Simple cold storage (CS) has been the preferred method of organ preservation for most transplant centers in Europe. Major transplant centers in the US have indicated that continuous hypothermic machine perfusion (MP) has definite advantages over CS with reduced percentages of delayed graft function (DGF) after kidney transplantation. Nevertheless, in most european centers, predominantly due to logistics and the perception of increased costs, MP has not been utilized or properly evaluated. Therefore no decision has been made as to the standard of care for organ preservation in particular how the preservation method (CS or MP) will affect outcome after transplantation. This study proposes a prospective randomized trial within an international organ sharing system to evaluate early graft function after MP preservation versus CS preservation.
Aim of Study
Does MP with UW-MP (Kidney Preservation Solution: KPS-1) improve early graft function in cadaveric renal transplantation in comparison to UW-CS (Viaspan®)? Assuming the 0-hypothesis that MP and CS give equal early graft function, the alternative hypothesis is that early graft function improves with MP.

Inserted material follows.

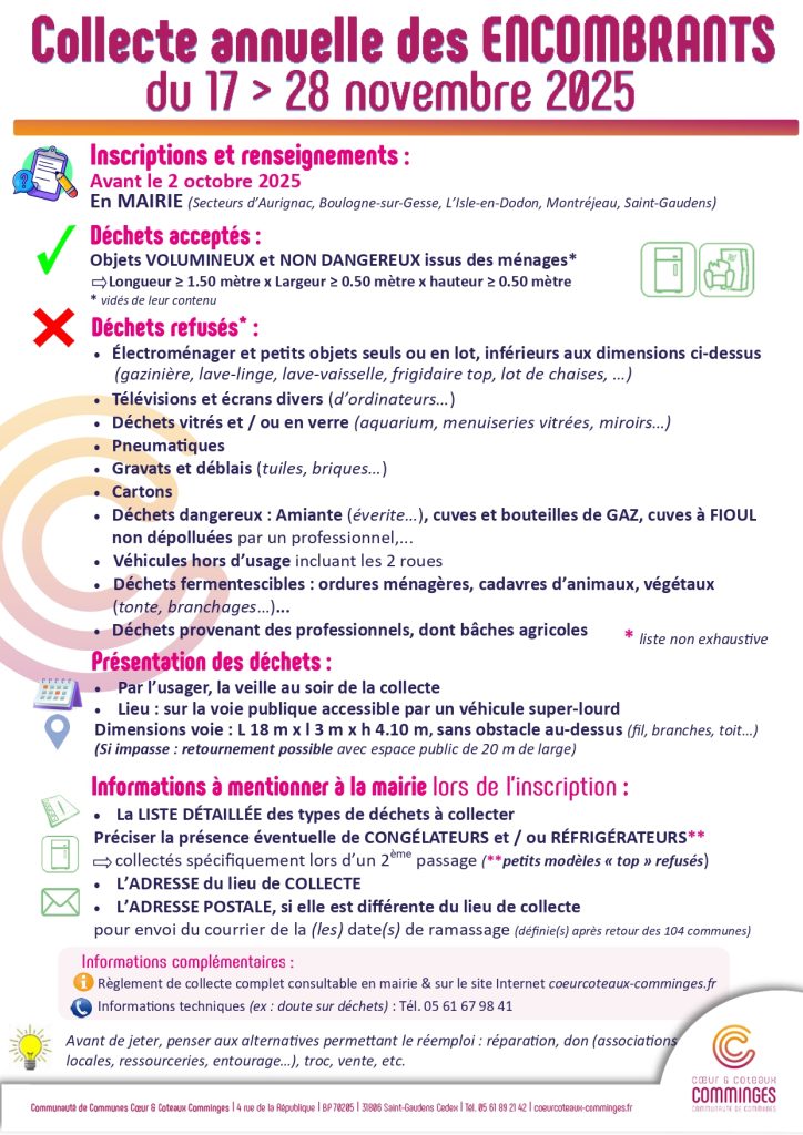 COLLECTE ANNUELLE des ENCOMBRANTS Inscription avant le 2 octobre 2025 via la mairie

A prospective randomized controlled multicenter trial of paired kidneys from human cadaveric donors.
All potential consecutive cadaveric kidney donors >15 years from the collaborating donor regions (Belgium, The Netherlands and Nordrhein-Westfalen in Germany) reported to the ET desk are eligible for randomization. Follow up will be directed at all recipients of these kidney grafts.
Machine Perfusion. After accepting the potential organ donor for actual donation, one of the kidneys is randomized to preservation by MP with the contralateral organ serving as a control being preserved by CS (Eurotransplant desk has randomization scheme).
Primary endpoint is DGF, defined as any dialysis requirement within 7 days post transplant.